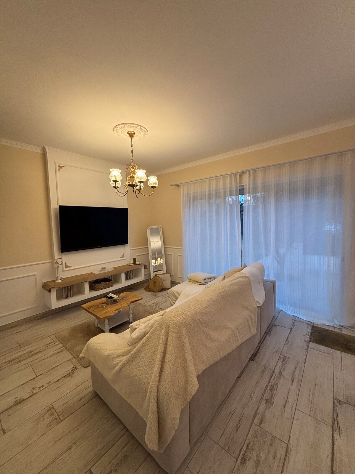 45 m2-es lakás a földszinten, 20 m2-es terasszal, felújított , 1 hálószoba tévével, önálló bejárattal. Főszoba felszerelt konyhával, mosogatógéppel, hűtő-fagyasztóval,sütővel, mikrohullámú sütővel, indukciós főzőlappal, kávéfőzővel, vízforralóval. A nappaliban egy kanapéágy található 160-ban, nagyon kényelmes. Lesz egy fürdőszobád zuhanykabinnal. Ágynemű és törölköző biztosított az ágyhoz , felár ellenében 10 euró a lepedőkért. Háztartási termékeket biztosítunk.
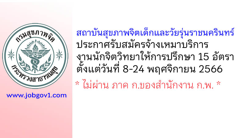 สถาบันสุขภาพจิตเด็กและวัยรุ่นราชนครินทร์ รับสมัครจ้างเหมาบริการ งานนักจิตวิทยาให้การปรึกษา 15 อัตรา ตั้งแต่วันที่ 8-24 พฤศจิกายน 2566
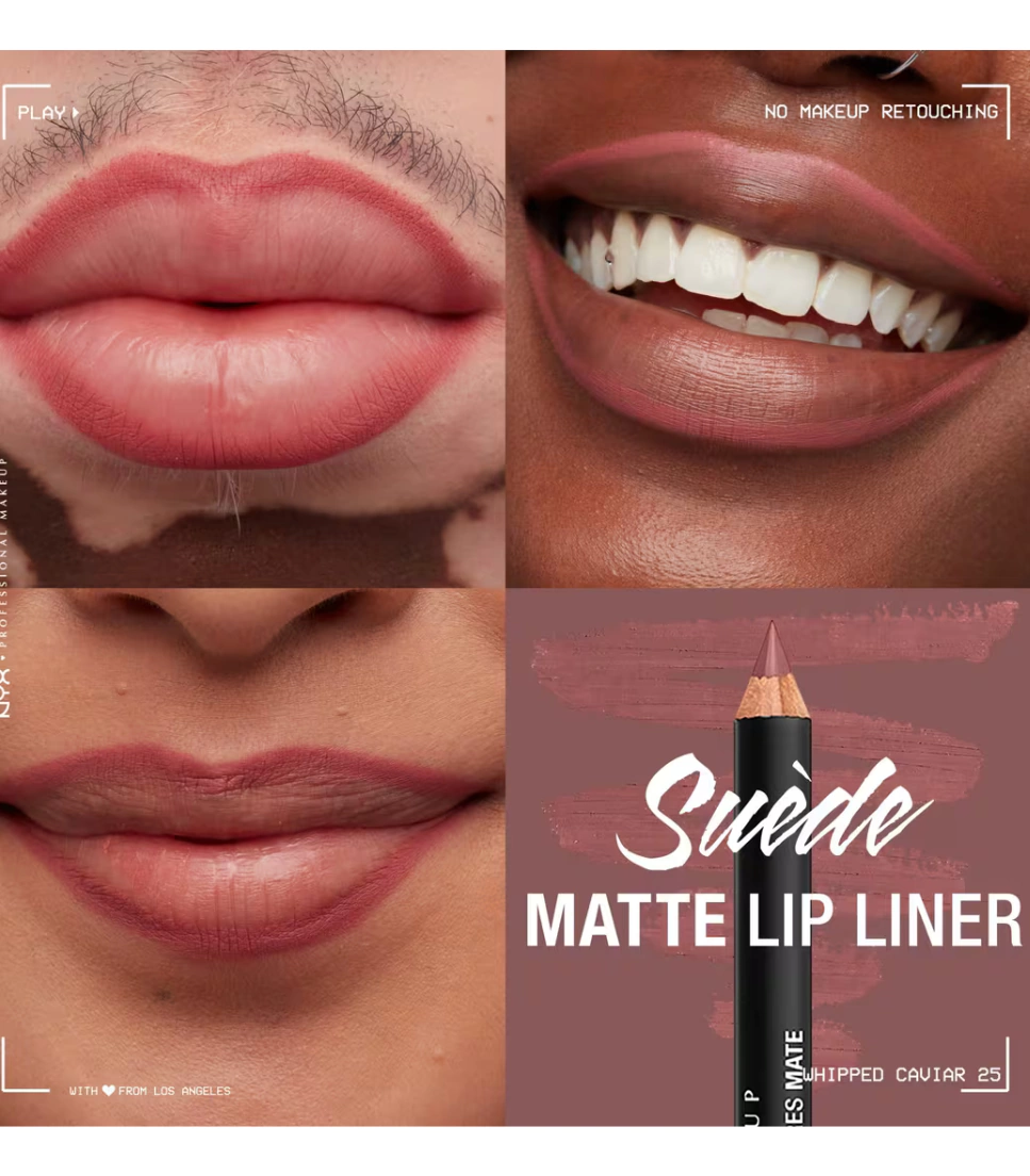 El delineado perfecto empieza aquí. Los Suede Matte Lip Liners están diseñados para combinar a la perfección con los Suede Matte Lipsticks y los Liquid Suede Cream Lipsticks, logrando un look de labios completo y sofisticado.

━━━━━━

:: Problem ::
Take the listing above and retype it exactly. Its pictures are to be omitted.

:: Output for this task ::
 45 m2-es lakás a földszinten, 20 m2-es terasszal, felújított , 1 hálószoba tévével, önálló bejárattal. Főszoba felszerelt konyhával, mosogatógéppel, hűtő-fagyasztóval,sütővel, mikrohullámú sütővel, indukciós főzőlappal, kávéfőzővel, vízforralóval. A nappaliban egy kanapéágy található 160-ban, nagyon kényelmes. Lesz egy fürdőszobád zuhanykabinnal. Ágynemű és törölköző biztosított az ágyhoz , felár ellenében 10 euró a lepedőkért. Háztartási termékeket biztosítunk.
 สถาบันสุขภาพจิตเด็กและวัยรุ่นราชนครินทร์ รับสมัครจ้างเหมาบริการ งานนักจิตวิทยาให้การปรึกษา 15 อัตรา ตั้งแต่วันที่ 8-24 พฤศจิกายน 2566
 El delineado perfecto empieza aquí. Los Suede Matte Lip Liners están diseñados para combinar a la perfección con los Suede Matte Lipsticks y los Liquid Suede Cream Lipsticks, logrando un look de labios completo y sofisticado.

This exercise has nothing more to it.